§ **EXERCISE BRIEF**: Leave the pictures out, and transcribe the material below exactly from the line with "550g~Suéter de Cachemira" to the line with "据招股书显示,隆源股份本次拟", both lines included.
START DATA UNDER STUDY
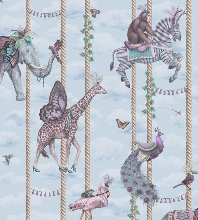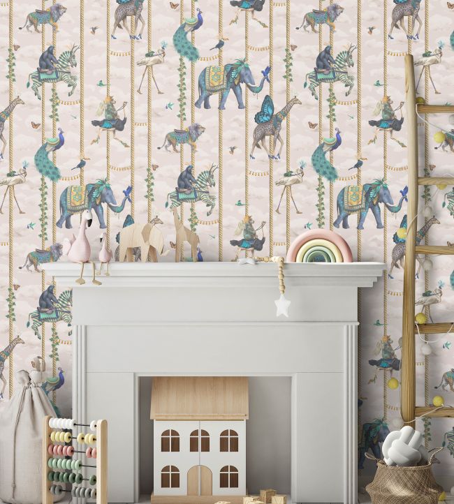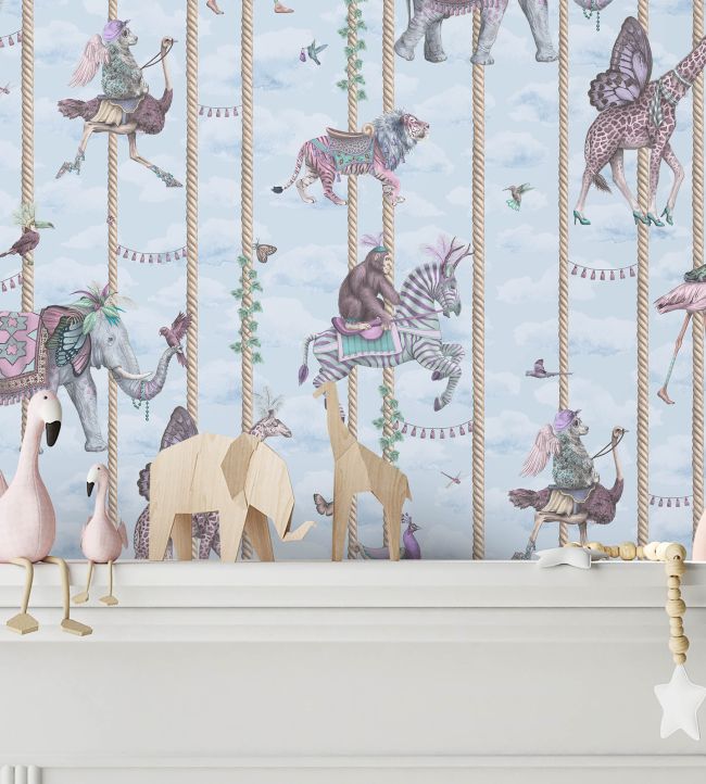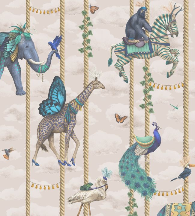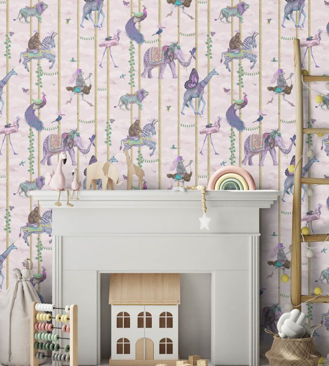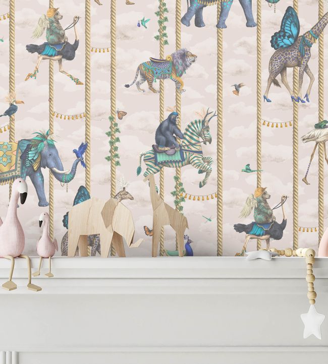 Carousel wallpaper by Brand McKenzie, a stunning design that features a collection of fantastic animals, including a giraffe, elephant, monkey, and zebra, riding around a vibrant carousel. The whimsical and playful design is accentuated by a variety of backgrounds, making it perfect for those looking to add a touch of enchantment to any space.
END DATA UNDER STUDY
START DATA UNDER STUDY
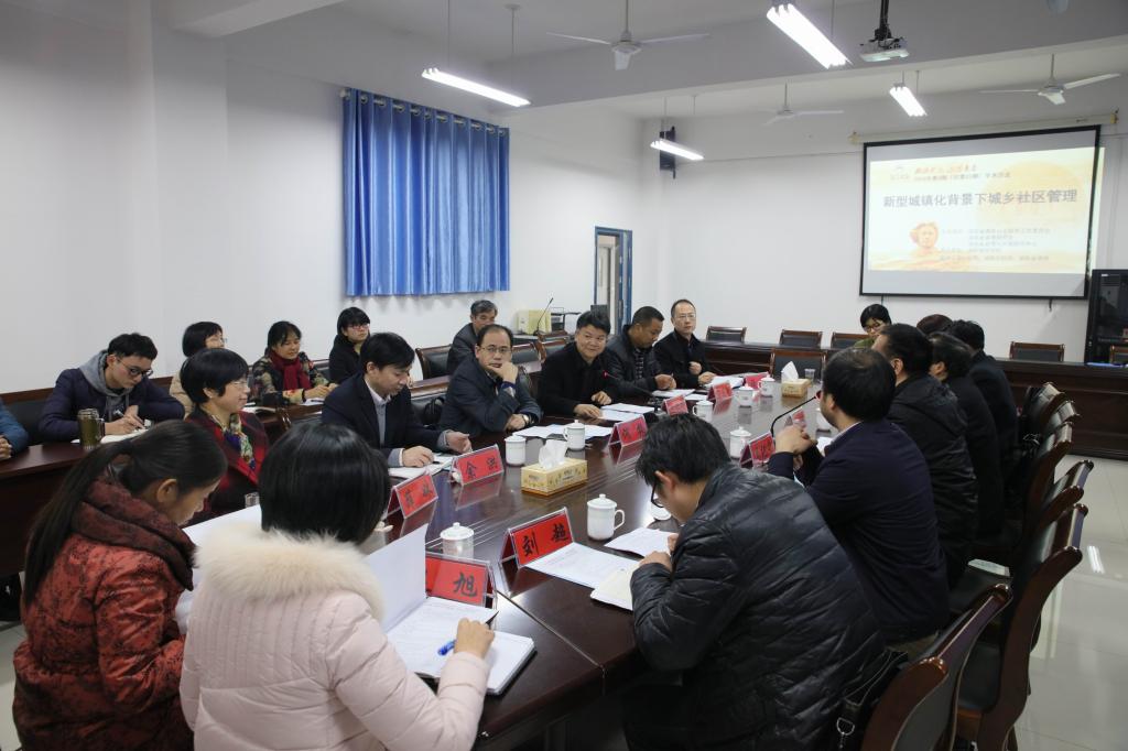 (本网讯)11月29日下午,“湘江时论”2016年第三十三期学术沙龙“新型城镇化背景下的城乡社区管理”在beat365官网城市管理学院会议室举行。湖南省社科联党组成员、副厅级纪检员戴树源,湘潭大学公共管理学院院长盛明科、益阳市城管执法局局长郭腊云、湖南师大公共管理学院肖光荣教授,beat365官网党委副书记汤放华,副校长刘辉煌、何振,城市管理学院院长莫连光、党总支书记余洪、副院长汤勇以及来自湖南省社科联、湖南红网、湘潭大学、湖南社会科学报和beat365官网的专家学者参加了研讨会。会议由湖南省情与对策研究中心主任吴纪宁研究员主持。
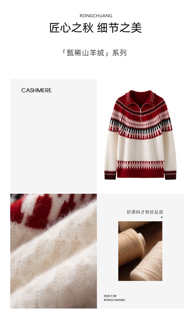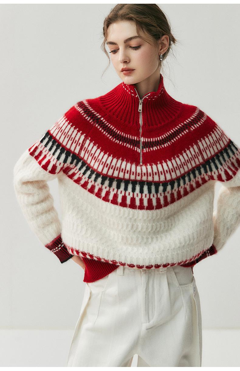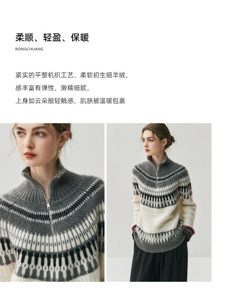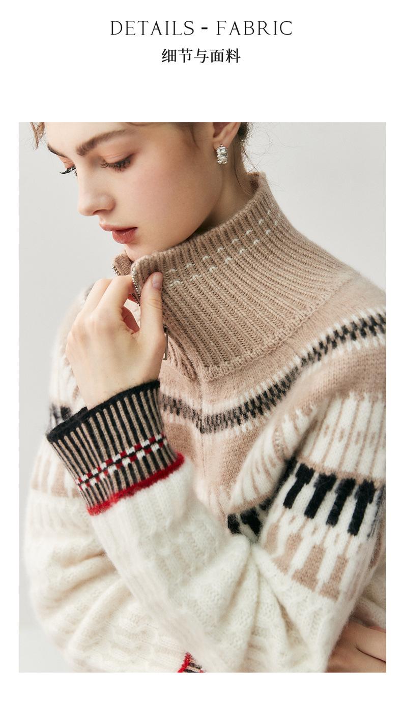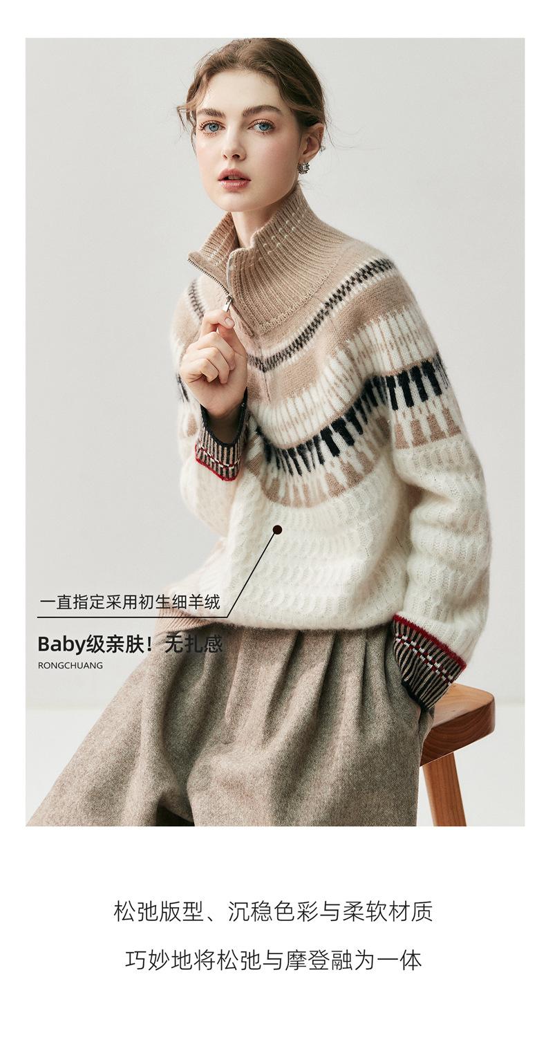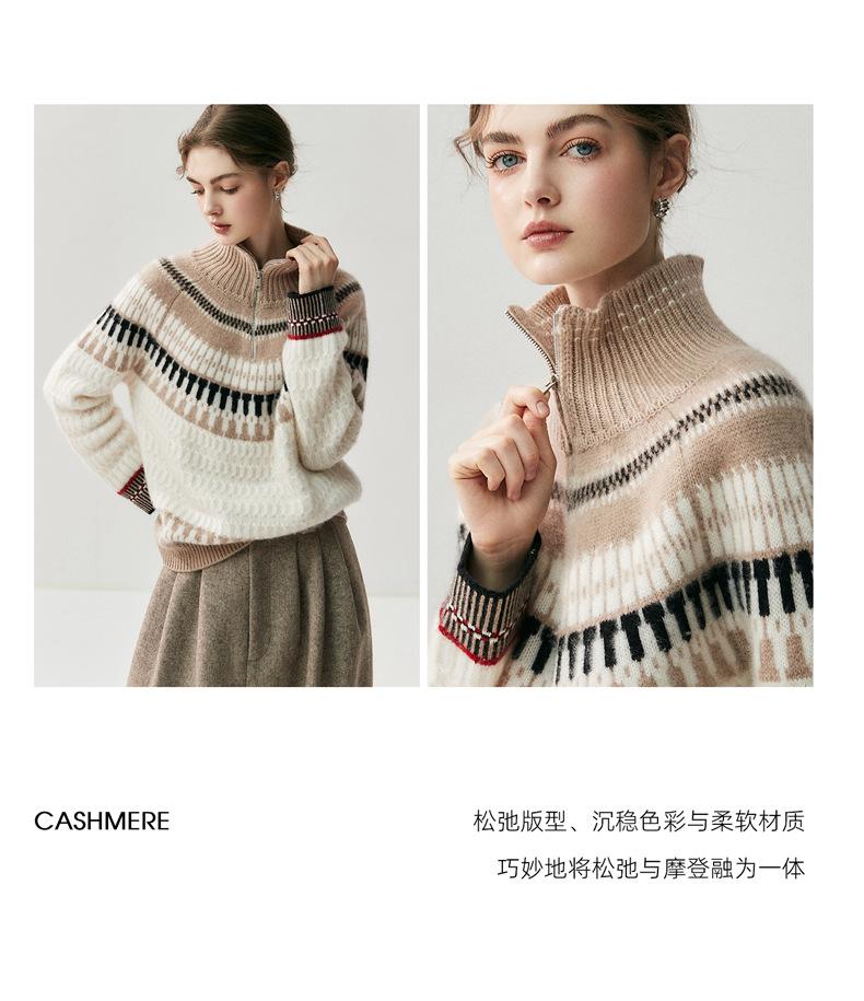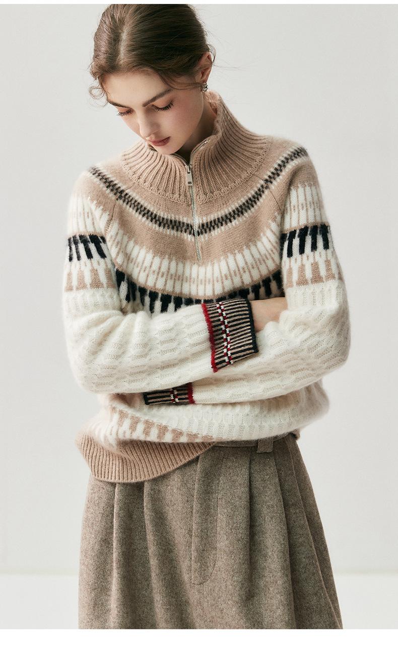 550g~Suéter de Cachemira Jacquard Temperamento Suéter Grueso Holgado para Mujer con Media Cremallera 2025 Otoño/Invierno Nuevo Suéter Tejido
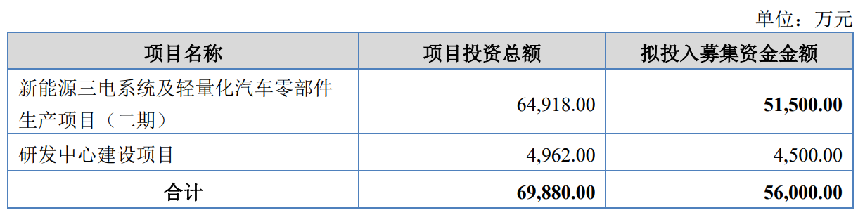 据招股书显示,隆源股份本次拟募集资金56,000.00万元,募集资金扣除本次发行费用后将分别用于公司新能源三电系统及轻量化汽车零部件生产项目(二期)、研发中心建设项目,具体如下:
END DATA UNDER STUDY
START DATA UNDER STUDY
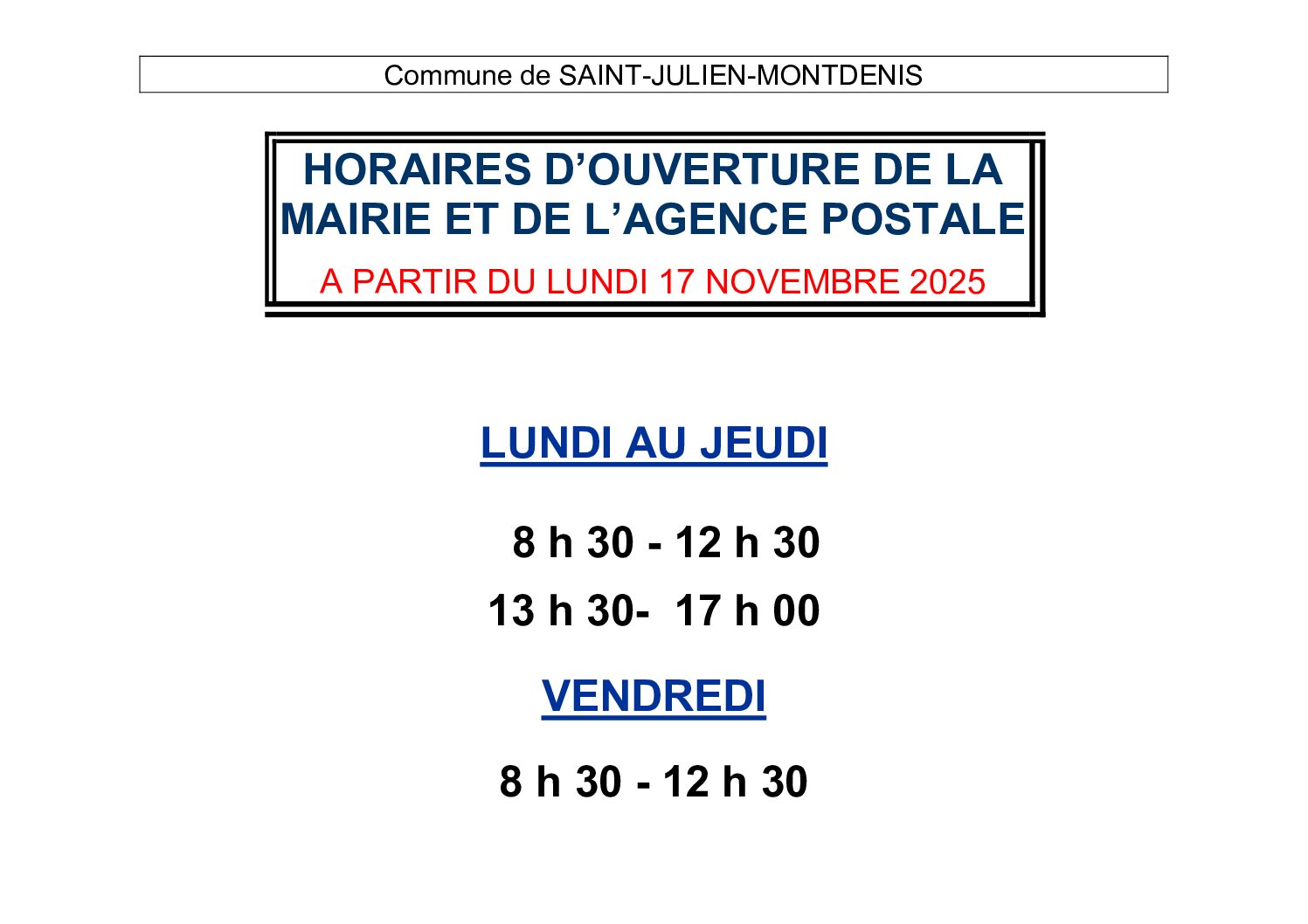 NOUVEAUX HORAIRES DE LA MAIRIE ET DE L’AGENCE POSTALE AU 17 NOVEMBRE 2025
END DATA UNDER STUDY
§ **EXERCISE ANSWER**:
 550g~Suéter de Cachemira Jacquard Temperamento Suéter Grueso Holgado para Mujer con Media Cremallera 2025 Otoño/Invierno Nuevo Suéter Tejido
 据招股书显示,隆源股份本次拟募集资金56,000.00万元,募集资金扣除本次发行费用后将分别用于公司新能源三电系统及轻量化汽车零部件生产项目(二期)、研发中心建设项目,具体如下:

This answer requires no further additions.